父・忠蔵さんは茨城から上京し、本郷の魚屋で修行の道に。
「あの辺りは、お屋敷も多く、魚の質にもこだわっていたらしい」
「親父は、洗足池に店を構えた時も、いい魚だけを扱っていました」
魚忠は、鮮魚だけではなく、焼き魚や惣菜も人気商店です。
「親父の代から、焼き魚は定番でね。人気商品だった。うちの母親も、料理好きでね、お惣菜もその頃から並べてたんだよ」
当時は、洗足池の周りにも工場や会社が並び、2階には、宴会場がフル活動していました。

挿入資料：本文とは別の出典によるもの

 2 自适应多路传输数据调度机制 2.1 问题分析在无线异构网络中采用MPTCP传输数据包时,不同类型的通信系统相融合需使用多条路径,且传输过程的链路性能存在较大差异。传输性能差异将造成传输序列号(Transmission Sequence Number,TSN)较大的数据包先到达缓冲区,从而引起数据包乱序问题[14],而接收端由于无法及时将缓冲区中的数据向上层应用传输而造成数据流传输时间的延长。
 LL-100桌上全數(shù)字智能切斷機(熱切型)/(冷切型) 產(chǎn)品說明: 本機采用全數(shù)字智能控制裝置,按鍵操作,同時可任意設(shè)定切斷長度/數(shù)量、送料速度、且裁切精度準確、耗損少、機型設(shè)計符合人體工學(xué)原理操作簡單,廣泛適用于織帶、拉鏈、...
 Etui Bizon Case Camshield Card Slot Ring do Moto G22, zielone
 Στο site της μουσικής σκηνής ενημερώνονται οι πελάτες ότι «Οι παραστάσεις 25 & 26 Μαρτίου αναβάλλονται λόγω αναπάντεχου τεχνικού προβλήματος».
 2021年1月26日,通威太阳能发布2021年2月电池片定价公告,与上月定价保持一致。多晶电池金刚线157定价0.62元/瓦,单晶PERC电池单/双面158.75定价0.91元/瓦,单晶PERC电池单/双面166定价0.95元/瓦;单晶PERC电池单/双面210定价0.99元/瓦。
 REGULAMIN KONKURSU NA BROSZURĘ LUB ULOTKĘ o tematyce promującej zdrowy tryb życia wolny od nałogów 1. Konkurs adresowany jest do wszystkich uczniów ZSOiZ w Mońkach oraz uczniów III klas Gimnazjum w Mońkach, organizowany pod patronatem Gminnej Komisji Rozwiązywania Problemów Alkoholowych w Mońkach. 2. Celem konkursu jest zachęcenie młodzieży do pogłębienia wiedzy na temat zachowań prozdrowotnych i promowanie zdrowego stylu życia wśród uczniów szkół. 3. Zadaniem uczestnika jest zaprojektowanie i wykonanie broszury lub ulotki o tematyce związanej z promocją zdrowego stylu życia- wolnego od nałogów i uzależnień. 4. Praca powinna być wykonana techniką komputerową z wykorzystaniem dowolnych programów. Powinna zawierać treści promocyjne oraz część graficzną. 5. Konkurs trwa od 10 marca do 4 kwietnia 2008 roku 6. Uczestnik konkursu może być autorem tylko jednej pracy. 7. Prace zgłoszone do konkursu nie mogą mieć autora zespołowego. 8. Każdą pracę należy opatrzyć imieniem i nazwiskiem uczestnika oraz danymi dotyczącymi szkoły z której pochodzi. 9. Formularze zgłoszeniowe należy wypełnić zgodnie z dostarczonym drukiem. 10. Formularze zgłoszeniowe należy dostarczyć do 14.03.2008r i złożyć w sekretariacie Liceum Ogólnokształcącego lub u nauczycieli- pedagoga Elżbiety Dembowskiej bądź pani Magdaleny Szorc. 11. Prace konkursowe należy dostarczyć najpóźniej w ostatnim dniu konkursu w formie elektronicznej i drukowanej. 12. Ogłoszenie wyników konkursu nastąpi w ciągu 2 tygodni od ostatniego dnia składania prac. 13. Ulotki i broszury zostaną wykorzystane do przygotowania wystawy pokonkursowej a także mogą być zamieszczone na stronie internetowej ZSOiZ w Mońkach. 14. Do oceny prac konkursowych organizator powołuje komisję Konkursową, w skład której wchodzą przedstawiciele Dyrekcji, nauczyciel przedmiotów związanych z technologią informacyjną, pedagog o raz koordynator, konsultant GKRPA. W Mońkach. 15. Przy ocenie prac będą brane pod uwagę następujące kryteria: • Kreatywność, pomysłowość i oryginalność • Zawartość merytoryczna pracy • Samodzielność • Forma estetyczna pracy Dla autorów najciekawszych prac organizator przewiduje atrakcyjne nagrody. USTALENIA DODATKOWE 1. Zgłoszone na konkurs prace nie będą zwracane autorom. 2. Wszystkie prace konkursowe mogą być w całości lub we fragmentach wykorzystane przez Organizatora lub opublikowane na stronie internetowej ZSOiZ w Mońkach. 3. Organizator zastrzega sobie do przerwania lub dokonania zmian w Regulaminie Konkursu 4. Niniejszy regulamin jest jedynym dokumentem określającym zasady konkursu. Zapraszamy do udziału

「今のように、居酒屋とか少なかったからね。会社の忘年会や打ち上げをうちでやってほしいって言われ、2階を宴会場にして魚も酒も提供してたんだよ」
現在は、宴会場は、商店街の集まりに使われていますが、路地から裏の階段を上がるとここで仕事帰りに魚と酒を酌み交わしている昭和の風景がみえる気がします。
その影響で、現在でも、光子さんが手際よく惣菜を作り、夕方には店頭を賑やかに煮魚や野菜の煮付けなどが並びます。
お勤め帰りのワーキングウーマンにはうれしい家庭の味です。魚忠の朝は早く、毎日4時半トラックに乗り豊洲へ向かいます。
「魚河岸が豊洲に移転し、築地よりうんと、衛生的でキレイにはなった」
「でも、なんか寂しい、違うんだよな〜」「ほとんど輸入の魚でね、近海モノはホントに減った」
喜久男さんは、温暖化に伴う日本の魚の変化を感じています。
海水の温度の変化の影響で、以前は銚子沖までしか取れなかった鯖が青森沖や北海道で取れるようになったそうです。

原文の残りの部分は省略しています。